Excel names the functions that pertain to the normal
distribution so that you can tell whether you’re dealing with any normal
distribution, or the unit normal distribution with a mean of 0 and a
standard deviation of 1.
Excel refers to the unit normal distribution as the “standard” normal, and therefore uses the letter s
in the function’s name. So the NORM.DIST() function refers to any
normal distribution, whereas the NORMSDIST() compatibility function and
the NORM.S.DIST() consistency function refer specifically to the unit
normal distribution.
The NORM.DIST() Function
Suppose you’re
interested in the distribution in the population of high-density
lipoprotein (HDL) levels in adults over 20 years of age. That variable
is normally measured in milligrams per deciliter of blood (mg/dl).

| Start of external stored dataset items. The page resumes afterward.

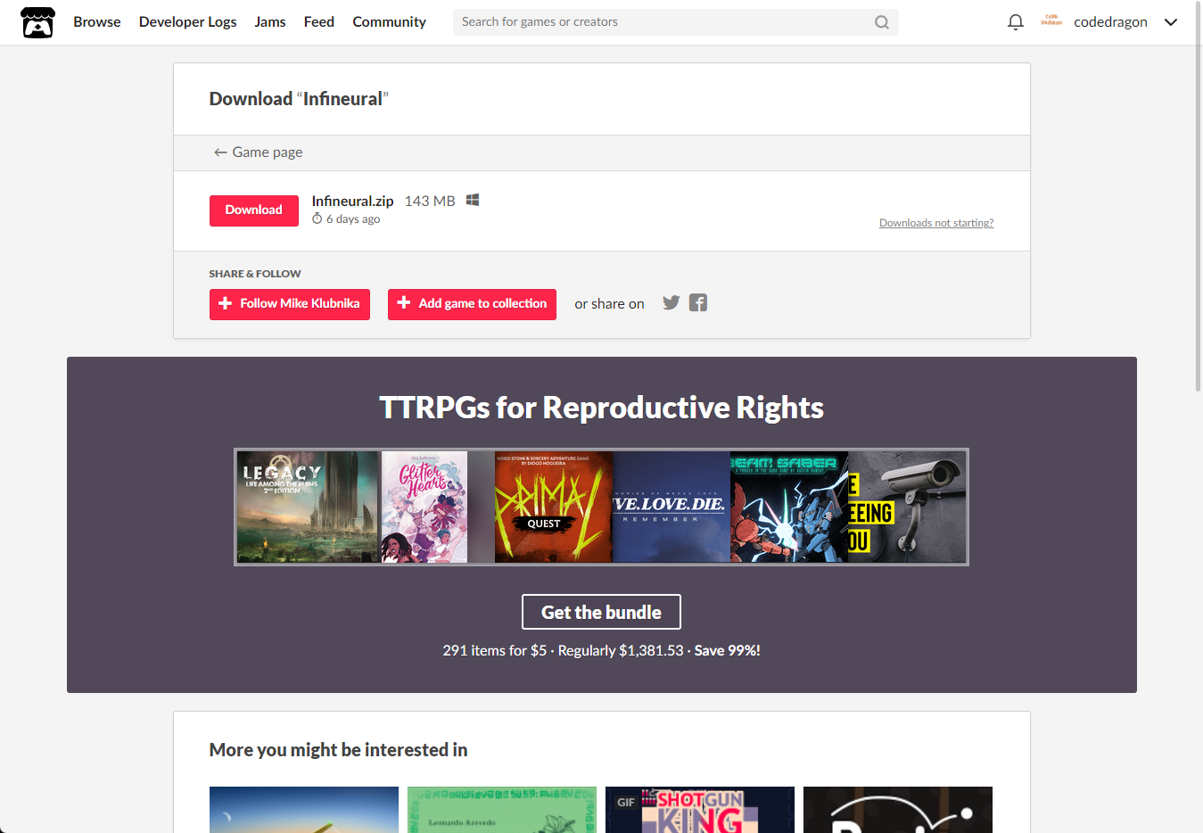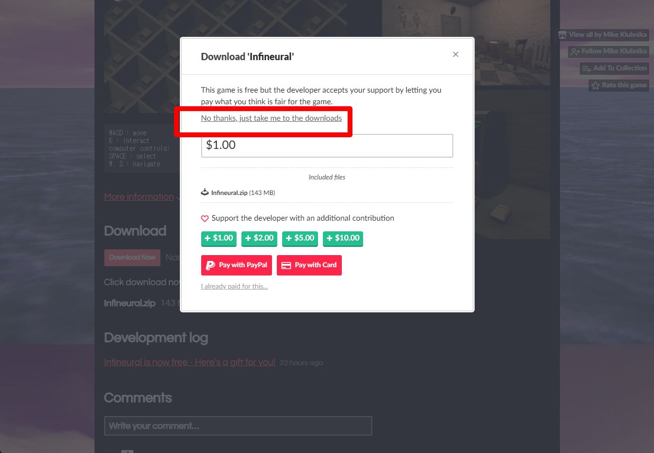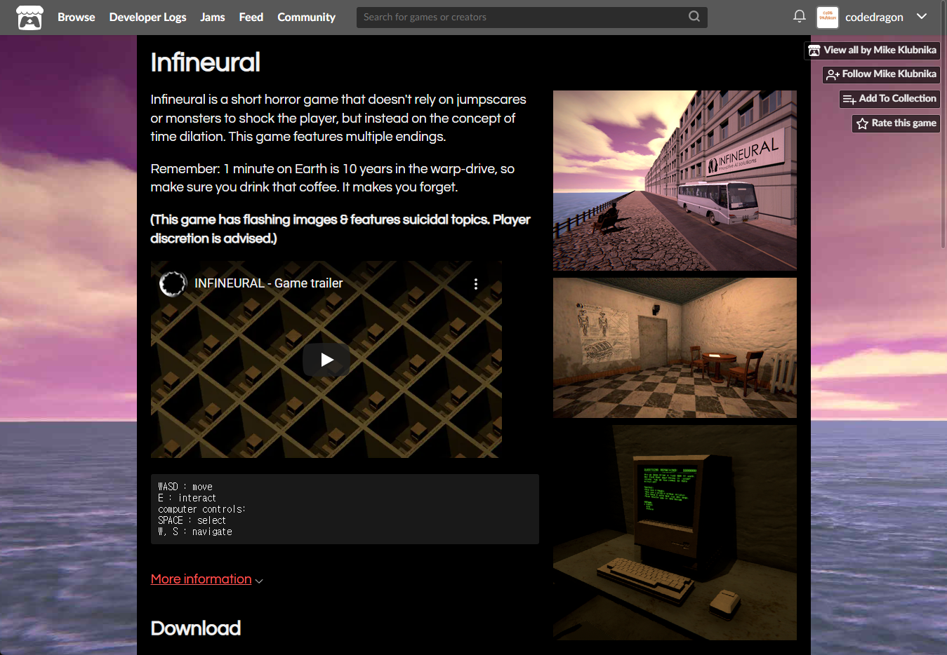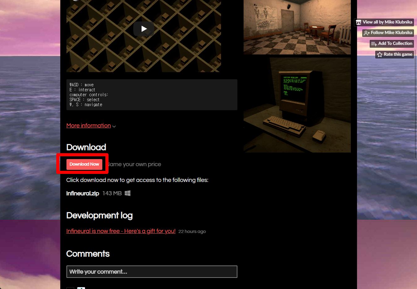 "Infineural" 해당 항목에 있는 [Download] 버튼을 클릭하면 게임의 설치파일을 다운받을 수 있습니다.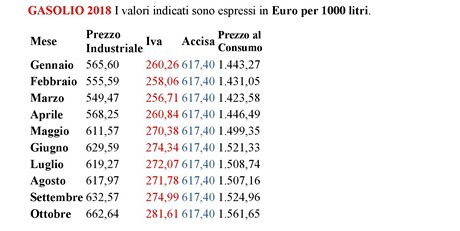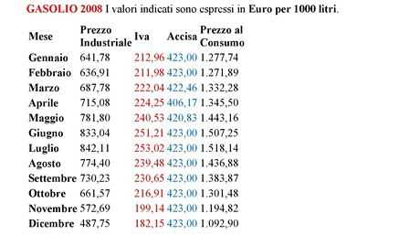 Notice that the excise duty, which is fixed, was €423 every 1000 liters in 2008. Over the years it increased to the current €617,40 every thousand liters. VAT plus excise duties are much higher than the industrial cost of diesel! The average global price at the pump is of €1200 every 1000 liters.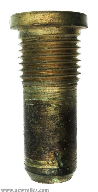 This is an excellent excavated example with a clear name and patent date on the top. The patent date is incorrect and should have been October 15th which was the actual day the patent was awarded. The safety screw may have snapped off. The head of the screw is missing. The threads are crisp, and this one still has some original brass shine to it. An early recovery!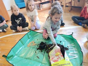 Podczas zajęć przedszkolaki z dużym zaangażowaniem i radością przygotowywały swoje małe uprawy. Była to nie tylko świetna zabawa, ale również cenna lekcja odpowiedzialności i troski o rośliny. Dzieci dowiedziały się, czego potrzebuje roślina do wzrostu oraz jak należy o nią dbać.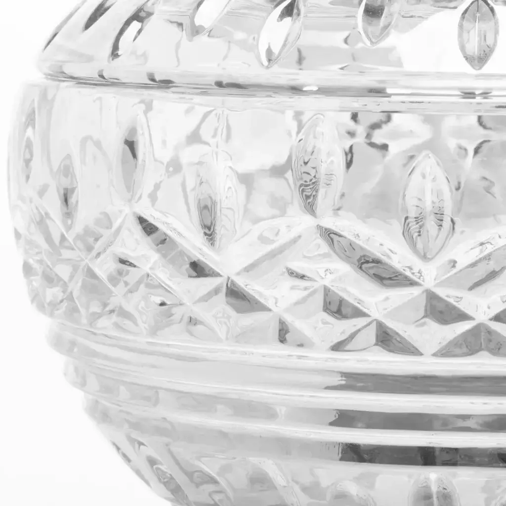 Com um design clássico e atemporal, este potiche é uma adição encantadora para qualquer ambiente. O cristal transparente proporciona um visual refinado e permite que a luz dance através dele, criando belos reflexos.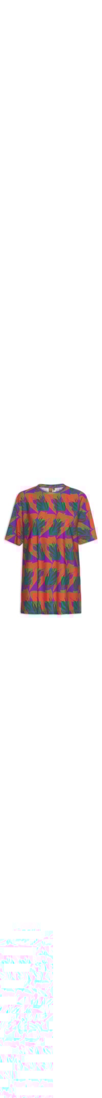 A camiseta vermelha é confeccionada em malha de algodão com baixa elasticidade. A peça solta ao corpo de modelo oversized* possui decote redondo com acabamento canelado, mangas curtas, cavas estendidas e estampa figurativa em tons contrastantes.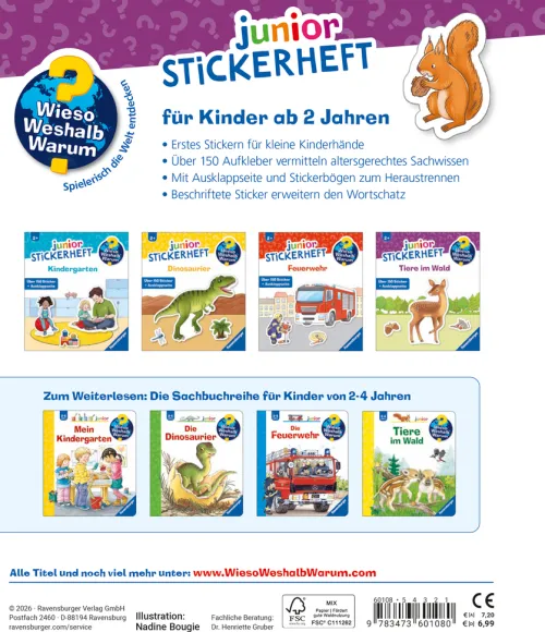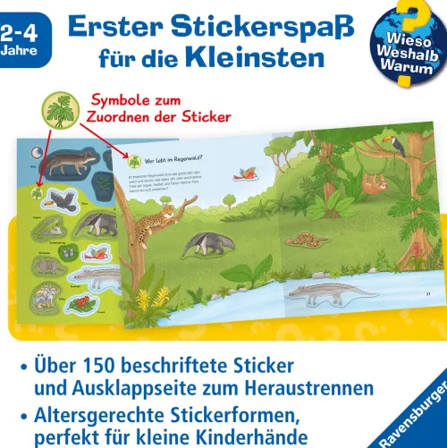 Mit dem Wieso? Weshalb? Warum? junior-Stickerheft entdecken schon Kinder ab 2 Jahren ihre Lieblingsthemen mit altersgerechten Stickern. Große, farbenfrohe Szenen laden zum kreativen Gestalten ein. Auf einfachen Puzzleseiten können die Kinder vorgegebene Flächen vervollständigen. Mit über 150 Stickern erkunden sie spielerisch die beliebtesten Sachthemen und lösen einfache Rätsel. Kurze Texte unterstützen dabei und vermitteln erstes Wissen.
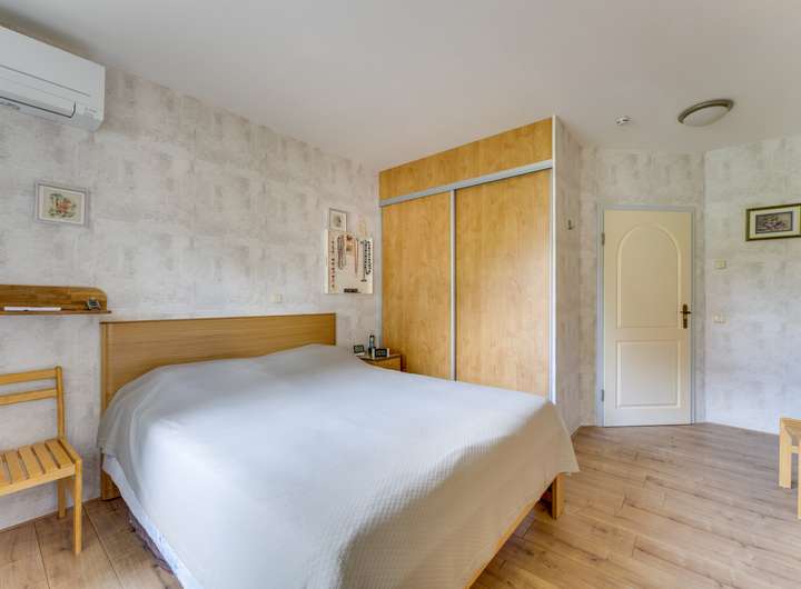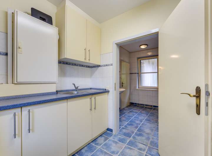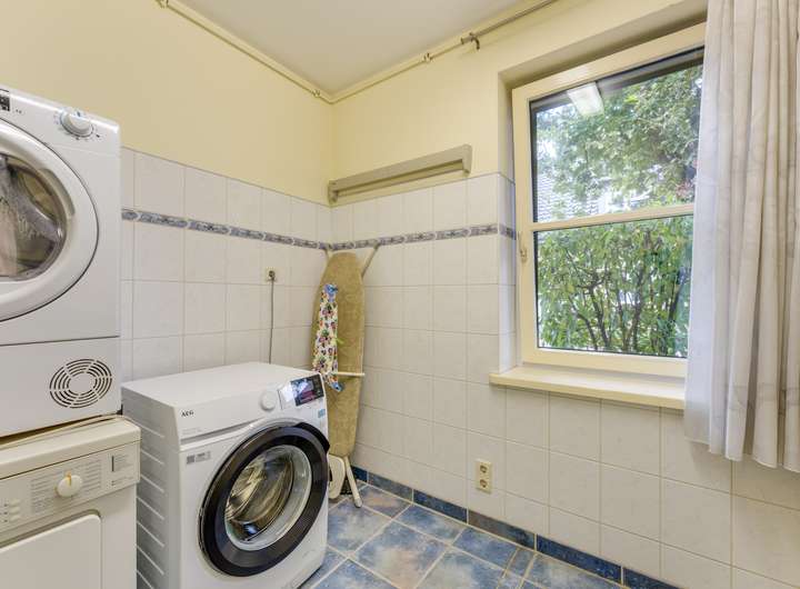 Ein besonderes Merkmal dieses Hauses ist das geräumige Schlafzimmer im Erdgeschoss. Dieses ca. 15 m² große Zimmer verfügt über einen Einbauschrank, eine Klimaanlage und ein eigenes Badezimmer mit ebenerdiger Dusche, Waschbecken und Toilette. Vom Badezimmer aus gelangt man direkt in einen praktischen Waschraum, der mit einer zusätzlichen Küchenzeile und Anschlüssen für Waschmaschinen ausgestattet ist.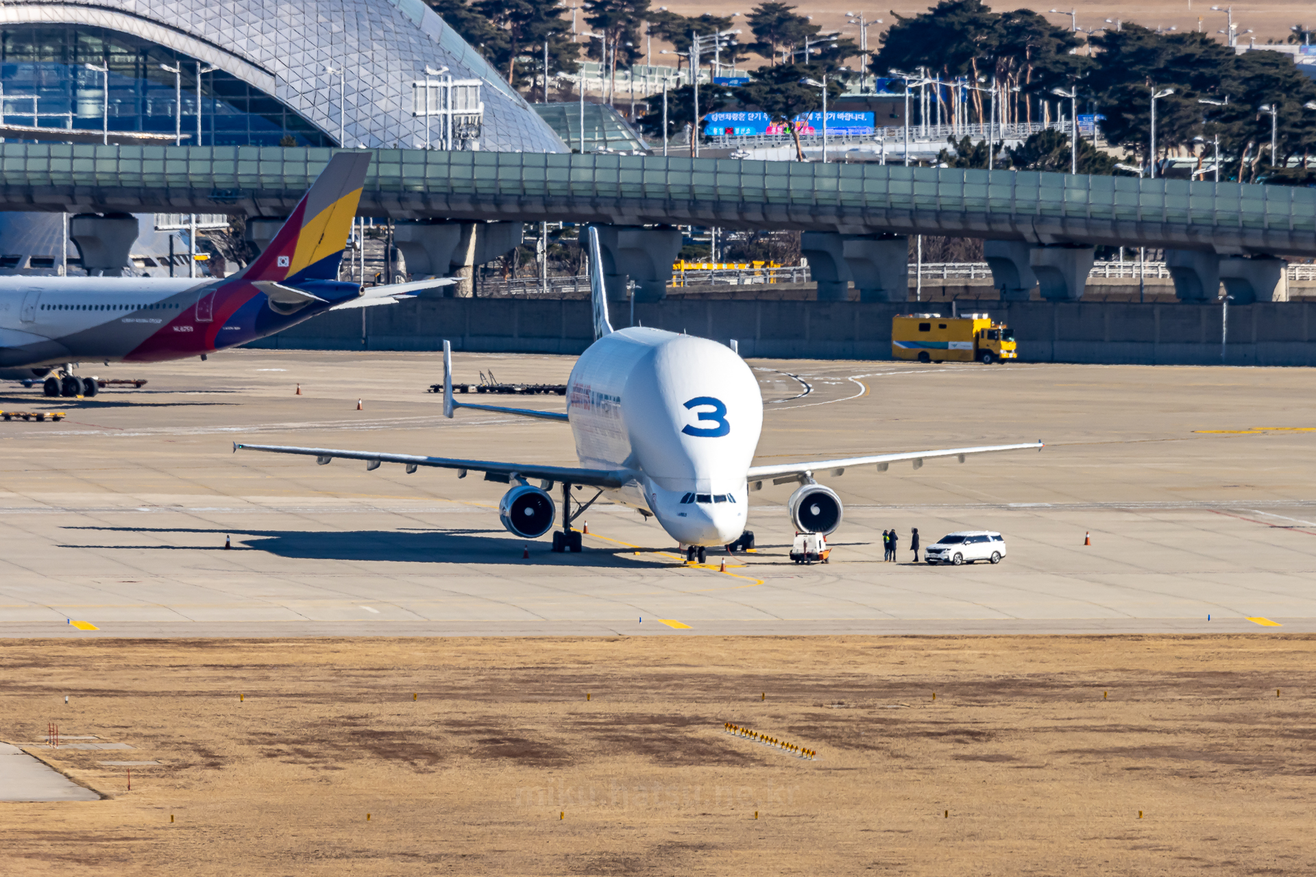 마침 벨루가를 배경으로 착륙하는 아시아나 A330.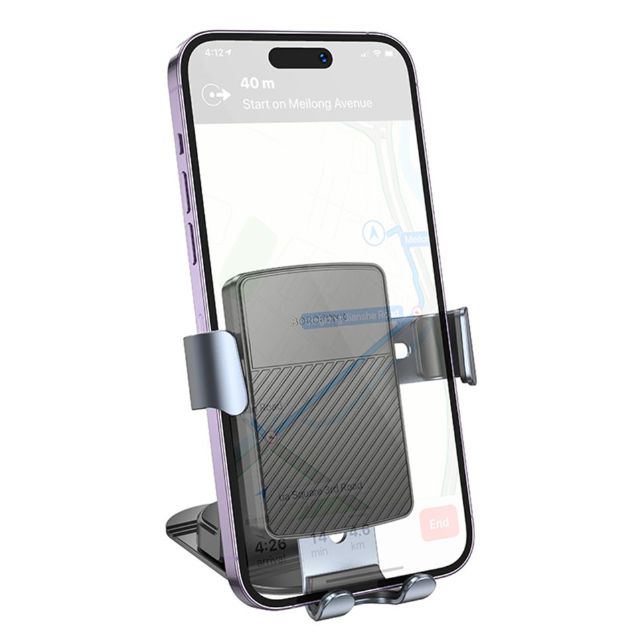 - Під час встановлення смартфона під його вагою автоматично спрацьовують бічні затискачі, щільно фіксуючи пристрій. Це забезпечує швидке встановлення та зняття телефону однією рукою, що зручно та безпечно.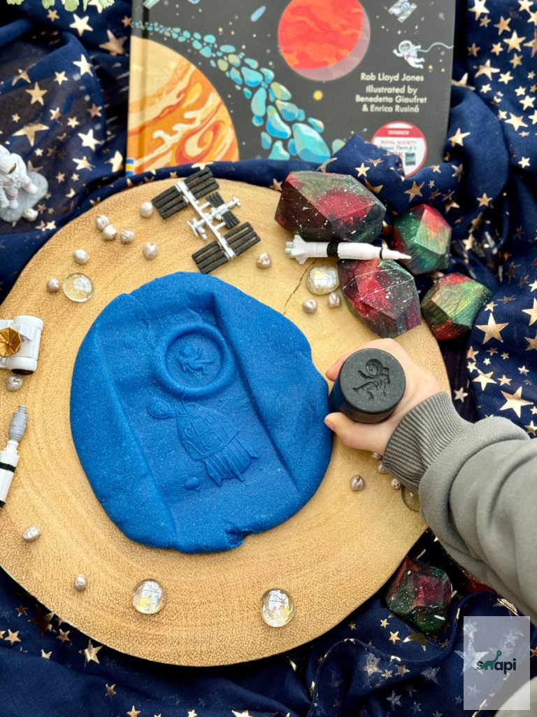 A gyerekek űrhajós expedícióra indulhatnak, miközben a gyurmába gurulnak és taposnak, hogy lenyűgöző tapintható jeleneteket tárjanak fel, többek között űrhajósokat, rakétaindításokat, űrsétákat és egyebeket. Ez a készlet tökéletes a beszélgetések elindításához, segít a gyerekeknek megismerni a Föld és más bolygók közötti különbségeket, az űrutazás fontosságát, és azt, hogy ez hogyan gazdagítja a világról alkotott ismereteinket. Játékon keresztül a gyerekek elmélkedhetnek a Föld szépségén, és felfedezhetik, hogyan gondoskodhatnak róla.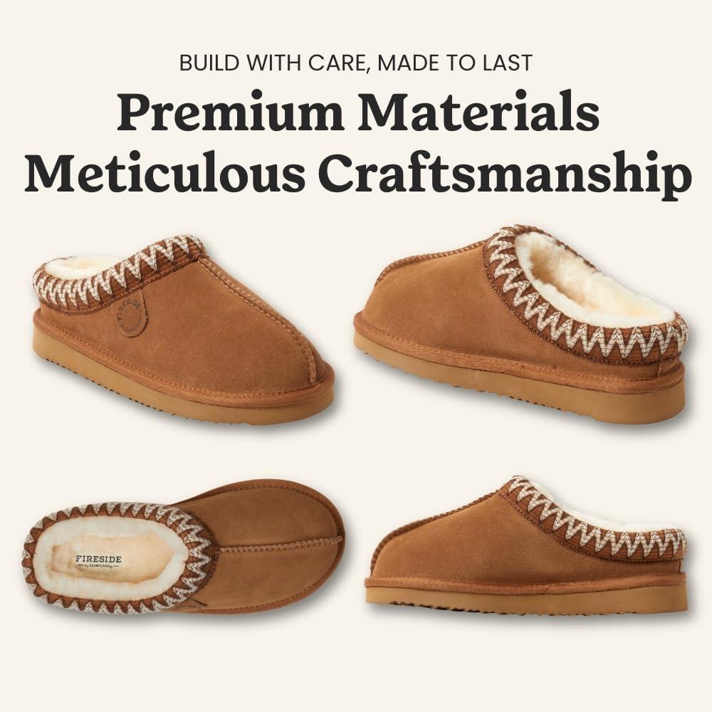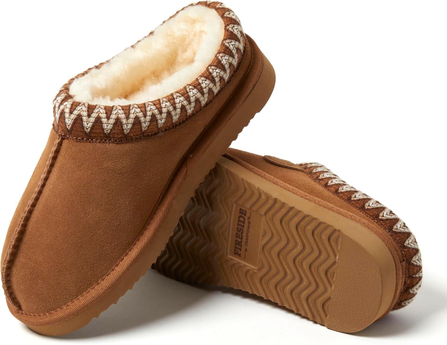Fireside by Dearfoams Women’s Greta Genuine Shearling Clog Slippers, 100% Natural Suede Clogs for Outdoor & Indoor(Chestnut Taping)

Assuming HDL levels are normally distributed (and they are), you can
learn more about the distribution of HDL in the population by applying
your knowledge of the normal curve. One way to do so is by using Excel’s
NORM.DIST() function.
NORM.DIST() Syntax
The NORM.DIST() function takes the following data as its arguments:
x—
This is a value in the distribution you’re evaluating. If you’re
evaluating high-density lipoprotein (HDL) levels, you might be
interested in one specific level—say, 60. That specific value is the one
you would provide as the first argument to NORM.DIST().
Mean—
The second argument is the mean of the distribution you’re evaluating.
Suppose that the mean HDL among humans over 20 years of age is 54.3.
Standard Deviation—
The third argument is the standard deviation of the distribution you’re
evaluating. Suppose that the standard deviation of HDL levels is 15.
Cumulative— The
fourth argument indicates whether you want the cumulative probability
of HDL levels from 0 to x (which we’re taking to be 56 in this example),
or the probability of having an HDL level of specifically x (that is,
56). If you want the cumulative probability, use TRUE as the fourth
argument. If you want the specific probability, use FALSE.
Requesting the Cumulative Probability
The formula
=NORM.DIST(60, 54.3, 15, TRUE)
returns .648, or 64.8%. This means that 64.8% of the area under the distribution of HDL levels is between 0 and 60 mg/dl. Figure 1 shows this result.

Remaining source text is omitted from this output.